新歩道橋818回

2012年9月11日更新


  
 いきなり出て来たのが〝がや〟という魚の煮つけ。別名が〝えぞめばる〟で、東京で喰らうめばるよりかなり大きいから兄貴分か。脂が乗ってめっぽううまいから、やっぱり焼酎の水割りをいく。聞けばその朝、作詞家里村龍一が釣ったものだそうで、入れ食いで100匹以上の釣果だったと言う。8月25日、北海道・鹿部カントリークラブの食堂。午後1時過ぎで、僕は東京から飛び込んだばかりだ。
 鹿部といえば、亡くなった作詞家星野哲郎が毎夏、20何年か通った漁師町。里村と岡千秋が助さん格さんよろしくお供をし、僕も「助さんと格さん」の「と」としてずっと同行した。その「と」の僕が、とるものもとりあえず駆けつけた理由は、この日に町の有力者・道場水産の道場登社長の快気祝いがあったせい。この人は自称星野哲郎北海道後援会会長で、骨の髄まで彼の信奉者。星野の鹿部ぶらり旅を、物心両面で見事に支えた資力と心意気の持ち主だ。

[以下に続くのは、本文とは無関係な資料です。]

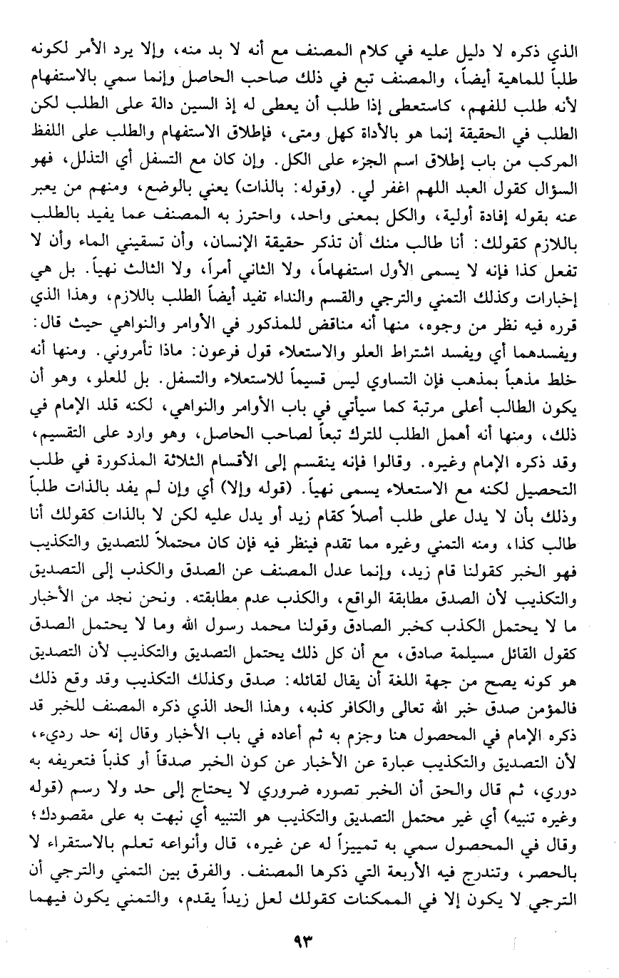الذي ذكره لا دليل عليه في كلام المصنف مع أنه لا بد منه، وإلا يرد الأمر لكونه طلبا للماهية أيضا، والمصنف تبع في ذلك صاحب الحاصل وإنما سمي بالاستفهام؛ لأنه طلب للفهم، كاستعطى إذا طلب أن يعطى له إذ السين دالة على الطلب لكن الطلب في الحقيقة إنما هو بالأداة كهل ومتى، فإطلاق الاستفهام والطلب على اللفظ المركب من باب إطلاق اسم الجزء على الكل. وإن كان مع التسفل أي التذلل، فهو السؤال كقول العبد: اللهم اغفر لي. وقوله: "بالذات" يعني بالوضع، ومنهم من يعبر عنه بقوله: إفادة أولية, والكل بمعنى واحد, واحترز به المصنف عما يفيد بالطلب باللازم كقولك: أنا طالب منك أن تذكر حقيقة الإنسان، وأن تسقيني الماء، وأن لا تفعل كذا, فإنه لا يسمى الأول استفهاما، ولا الثاني أمرا, لا الثالث نهيا, بل هي إخبارات وكذلك التمني والترجي والقسم والنداء تفيد أيضا الطلب باللازم، وهذا الذي قرره فيه نظر من وجوه، منها أنه مناقض للمذكور في الأوامر والنواهي حيث قال: ويفسدهما أي: ويفسد اشتراط العلو والاستعلاء قول فرعون: ماذا تأمرونني؟ ومنها أنه خلط مذهبا بمذهب, فإن التساوي ليس قسيما للاستعلاء والتسفل بل للعلو، وهو أن يكون الطالب أعلى مرتبة كما سيأتي في باب الأوامر والنواهي، لكنه قلد الإمام في ذلك، ومنها أنه أهمل الطلب للترك تبعا لصاحب الحاصل, وهو وارد على التقسيم، وقد ذكره الإمام وغيره. وقالوا: فإنه ينقسم إلى الأقسام الثلاثة المذكورة في طلب التحصيل, لكنه مع الاستعلاء يسمى نهيا. قوله: "وإلا" أي: وإن لم يفد بالذات طلبا, وذلك بأن لا يدل على طلب أصلا كقام زيد أو يدل عليه لكن لا بالذات كقولك: أنا طالب كذا، ومنه التمني وغيره مما تقدم فينظر فيه, فإن كان محتملا للتصديق والتكذيب فهو الخبر كقولنا: قام زيد، وإنما عدل المصنف عن الصدق والكذب إلى التصديق والتكذيب؛ لأن الصدق مطابقة الواقع، والكذب عدم مطابقته. ونحن نجد من الأخبار ما لا يحتمل الكذب كخبر الصادق وقولنا: محمد رسول الله وما لا يحتمل الصدق كقول القائل: مسيلمة صادق، مع أن كل ذلك يحتمل التصديق والتكذيب؛ لأن التصديق هو كونه يصح من جهة اللغة أن يقال لقائله: صدق, وكذلك التكذيب وقد وقع ذلك فالمؤمن صدق خبر الله تعالى والكافر كذبه، وهذا الحد الذي ذكره المصنف للخبر قد ذكره الإمام في المحصول هنا وجزم به ثم أعاده في باب الأخبار وقال: إنه حد رديء؛ لأن التصديق والتكذيب عبارة عن الأخبار عن كون الخبر صدقا أو كذبا فتعريفه به دوري، ثم قال: والحق أن الخبر تصوره ضروري لا يحتاج إلى حد ولا رسم. قوله: "وغيره تنبيه" أي: غير محتمل التصديق والتكذيب هو التنبيه أي: نبهت به على مقصودك؛ وقال في المحصول: سمي به تمييزا له عن غيره، قال: وأنواعه تعلم بالاستقراء لا بالحصر، وتندرج فيه الأربعة التي ذكرها المصنف, والفرق بين التمني والترجي أن الترجي لا يكون إلا في الممكنات كقولك: لعل زيدا يقدم، والتمني يكون فيهما كقولك: ليت الشباب يعود. واعلم أن قولنا: أنا طالب كذا لم يصرح المصنف بكونه داخلا في قسم الخبر أو التنبيه, وفيه نظر.

 そう書けば、でっぷり大柄な金満経営者タイプと連想されそうだ。確かに一代で功も名もとげたサクセスおじさんだが、これが少年みたいに輝く眼をした、小柄な老青年。
 「星野先生は、めんこいなあ」
 と、感に耐えぬ感想を連発しながら、朝から酒、ゴルフの間も酒、夜も酒…の日々が長かった。人を愛し、地域を愛し、流行歌を愛する好人物で、里村、岡と僕は〝たらこの親父〟と呼びならわして来た。還暦と長男の結婚を祝って、星野が「嬉し涙の登ちゃん」という歌を書き、島津亜矢の歌でCD化したこともある。古稀の祝いには「鹿部コキコキ節」を作って、岡千秋が歌ったものだ。
 そんな大酒飲みのゴルフ好きが、大病を患っていたことを、僕らは知らなかった。やたらにシャイで、心くばりの名人だから「東京へは知らせるな」の一点張り。自分の病気を棚に上げて、心配をかけまいとこちらへの気遣いが先に立っていたらしい。それが腹心の青年の口からちょろっともれたのは、僕ら3人の鹿部通い「今年はいつ来るの?」の問い合わせがあってのこと。たまたま郷里の釧路に居た里村が即反応、岡はスケジュールが動かせず9月中に絶対行くから…になり、僕がトンボ返りをすることになった。
 もっとも里村は到着するなり、翌早朝は釣りに出て、当日のコンペでは優勝してしまう。ゴルフは断念、晩餐会のみ参加の僕に、
 「一体、何しに来てんだよ、龍ちゃん!」
 とからかわれる一幕になったが、それもこれも、元気を取り戻した〝たらこの親父〟に、ホッと一安心してのこと。夜は夜とてお定まりのカラオケ大会。里村と僕も一曲ずつ、お祝いに一節うなったが、当の親父は会場を駆け回る幼い孫娘たちに
 「孫は、めんこいなあ」
 と目を細め、つきっきりの奥さんは飲み過ぎへ看視の眼くばり。事業を引き継ぐ長男と二男は参会者のテーブルへのあいさつ回りと、一家をあげての宴の隅で、長女は嬉し泣きに泣いてばかりの夜更けになった。
 当然、里村が日本作詩家協会の会長になったことも話題になる。歌社会の反応は「嘘!」「なんで?」「まさか!」ばかりだったと本人が報告!?
 「漁業組合ならともかくなあ…」
 と僕がまぜ返して大笑い。おしまいには、
 「命までは賭けないけど、俺なりにしっかりやる。任期の2年を見ててよ!」
 と里村が宣言、
 「俺たちは、鹿部の誇りだと思っているよ」
 と道場氏が激励する本音大会になった。
 星野哲郎没後2年の夏も、僕らはこんなふうに彼の遺徳のおすそ分けにあずかった。その3回忌の偲ぶ会は10月19日夜、大手町のパレスホテルで開かれる。友人代表はこの人をおいて他になしの船村徹、それに北島三郎、水前寺清子が並び、お次は〝鹿部ぶらり旅の勧進元〟として道場登氏が名を連ねた。里村は〝協会会長〟ではなく〝ぶらり旅お供その1〟岡が〝その2〟でそれに従う。道場氏の完全快癒を願うこと切である。